▶ [DATASET CONTENT]:

--- START ---

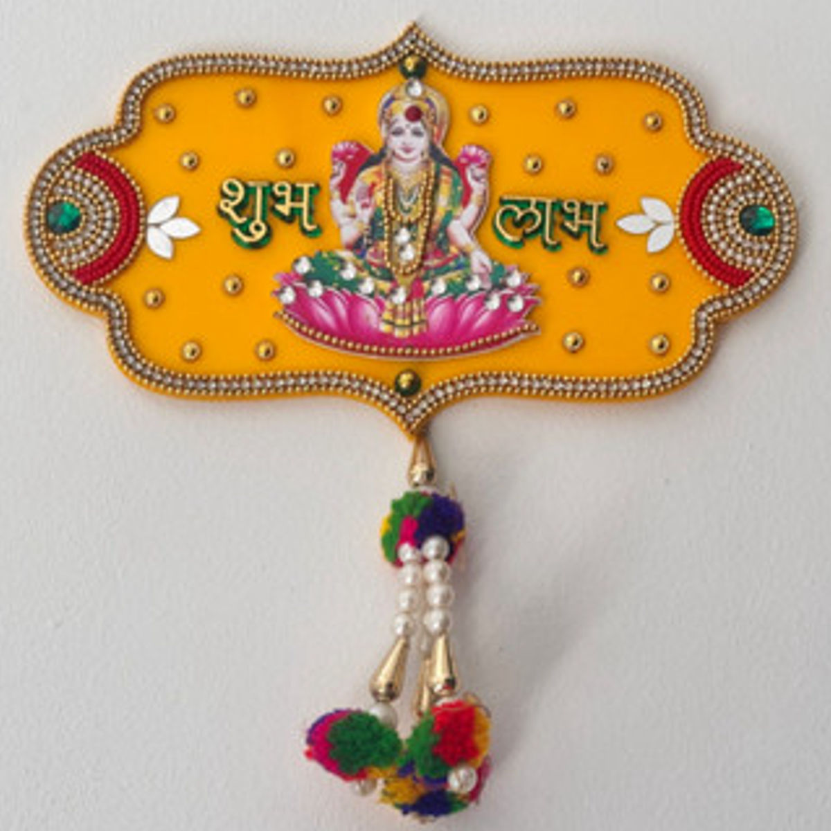 Auspicious Shubh Labh wall hanging featuring Goddess Lakshmi on a bright plaque base, decorated with beads, stones, and colorful pom-pom tassels. Ideal for adorning doorways, pooja rooms, and walls during Diwali/Deepavali, weddings, and festive occasions.
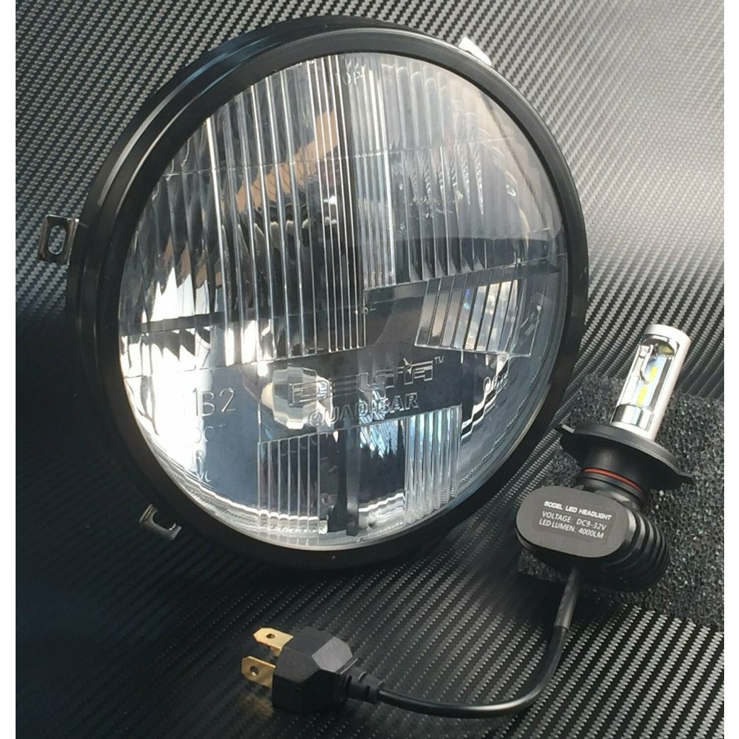 2 (ea) Headlight Assemblies, 2 (ea) H4 LEDs (4,000LM 25W 2 Amp), 2 (ea) Silicone Boots, 2 (ea) Amber LED City Lights, 2 (ea) H4/ H13 Adapters. May fit other vehicles that use H4/ H6024/ 9003 or H13 Harness.
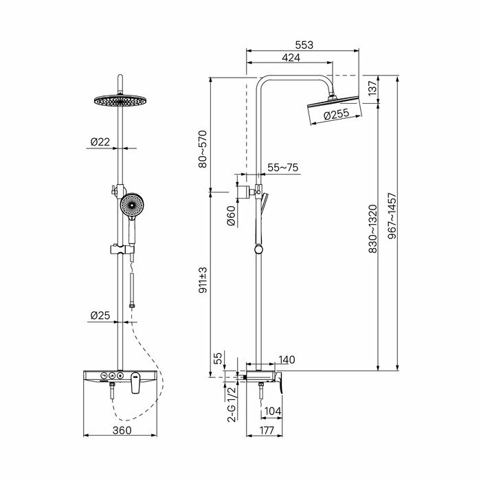 | Комплектация | душевая стойка - 1 шт. / верхний душ - 1 шт. / душевая лейка - 1 шт. / держатель для душа - 1 шт. / душевой шланг - 1 шт. / смеситель - 1 шт. / инструкция - 1 шт. |

--- END ---

Quote the data exactly, leaving every image out of the copy.

▶ [REPLY]:
 Auspicious Shubh Labh wall hanging featuring Goddess Lakshmi on a bright plaque base, decorated with beads, stones, and colorful pom-pom tassels. Ideal for adorning doorways, pooja rooms, and walls during Diwali/Deepavali, weddings, and festive occasions.
 2 (ea) Headlight Assemblies, 2 (ea) H4 LEDs (4,000LM 25W 2 Amp), 2 (ea) Silicone Boots, 2 (ea) Amber LED City Lights, 2 (ea) H4/ H13 Adapters. May fit other vehicles that use H4/ H6024/ 9003 or H13 Harness.
 | Комплектация | душевая стойка - 1 шт. / верхний душ - 1 шт. / душевая лейка - 1 шт. / держатель для душа - 1 шт. / душевой шланг - 1 шт. / смеситель - 1 шт. / инструкция - 1 шт. |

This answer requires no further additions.